RM alumna Irene Zhou appreciated the elimination of semester exams while in High School, but no longer supports that change now that she is in college. “I’m not totally for the resulting grade inflation. I think it kind of set up some unrealistic expectations for grades in college, and in retrospect it just seems like MoCo is really trying to sweep some important issues under a rug with this kind of inflation,” Zhou said.

The root cause of the grade inflation Zhou references is the change in MCPS grading policy that the elimination of final exams necessitated. Under the “downward trend” calculation that was in use during late 2015, students’ semester grades were calculated based on the average of both quarters and whether or not the grades reflected a downward trend.

Four alternatives to this system were considered: Numeric (Percent) Average, Quality Point Average, Trend, and an additional “Final Evaluation” Assessment category. Under the percent average plan, final grades would be calculated by averaging marking period percentage grades (MP1 + MP2 / 2). The trend option, on the other hand, was a revised version of the pre-existing downward trend calculation that did not include final exam grades.

Rather than eliminate the final exam category that was weighted at 25 percent, the additional “Final Evaluation” Assessment category option was designed to simply replace the final exam with a teacher-developed “final evaluation” administered in class.

According to an August 8 memorandum from Superintendent Jack Smith to the Board, roughly 300 participants were convened to provide feedback to assess which of the four options resonated most with the MCPS community. These participants included principals, parents, students, and middle and high school teachers, among others. On the whole, most stakeholders felt that the numeric percentage system was overly precise and would precipitate heightened stress and anxiety among students.

Maintaining the letter grade system of A, B, C, D, or E was also widely supported, as was rejecting the downward trend calculation. Rather than punitively assigning semester grades based on the lowest marks a student received during two quarters, stakeholders preferred using a mathematical “quality point” calculation average. This option entailed calculating final grades by averaging quality points (MP1 + MP2 / 2), with an “A” being worth 4 points, a “B” being worth 3 points, and so on and so forth.

Based on this feedback, MCPS revised the semester grading policy for high school courses by implementing the quality “grade point” calculation average.

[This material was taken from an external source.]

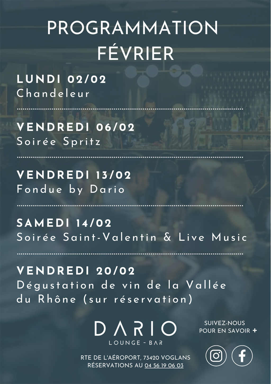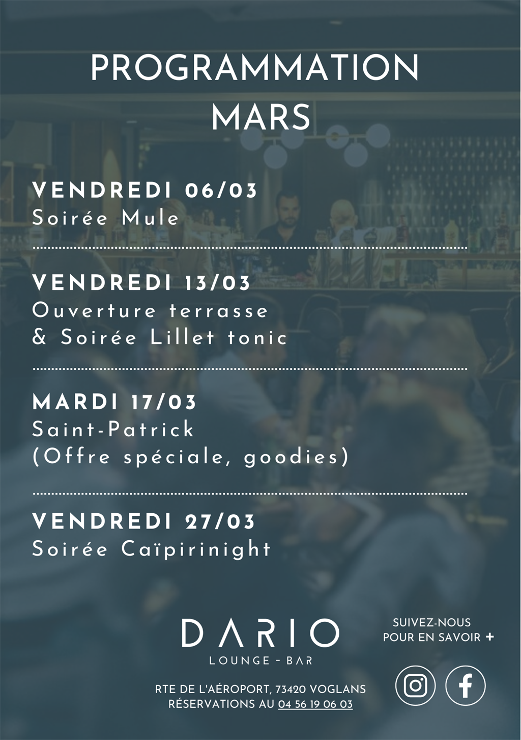 Retrouvez ci-dessous notre programme du mois, le Dario vous promet des soirées et des souvenirs mémorables.

Beginning in the 2016-2017, high school students began experiencing an academic environment in which they had no more mandated exams to stress over and greater ease acquiring higher semester grades.

Under the old downward trend system, a student who earned an A first quarter, a B second quarter, and a C on their semester exam would receive a B. Now, with the elimination of final exams and the implementation of the “grade point” calculation average, the same student would receive an A.

In a message to the MCPS community released on May 10, 2016, MCPS Interim Superintendent of Schools Larry A. Bowers characterized this new grading calculation as one that: “aligns with standards-based approaches to assessment and college expectations and provides a grading structure that is fair, consistent, and understanding for students and parents.”

In light of the recent grade inflation scandal, however, some students and teachers feel as though the quality calculation average may not actually be as fair as Bowers made it out to be in May 2016.

“I feel like our best students at this school really earn their As. But I think that too many of them, who aren’t strong students, get pushed through and I think that – now I’m going to sound old at this point, like an old timer – but I think when we were kids there was a little more rigor and accuracy to it,” art teacher Mr. McDermott said.

RM alumna Isabelle Zhou, who experienced the change in MCPS grading policy in her junior year of high school, feels differently than Mr. McDermott. “I do believe that the policy was within reason but was also definitely a play to increase grade inflation and the ‘looks’ of the overall system to boost our grade and the prestige of system,” Zhou said.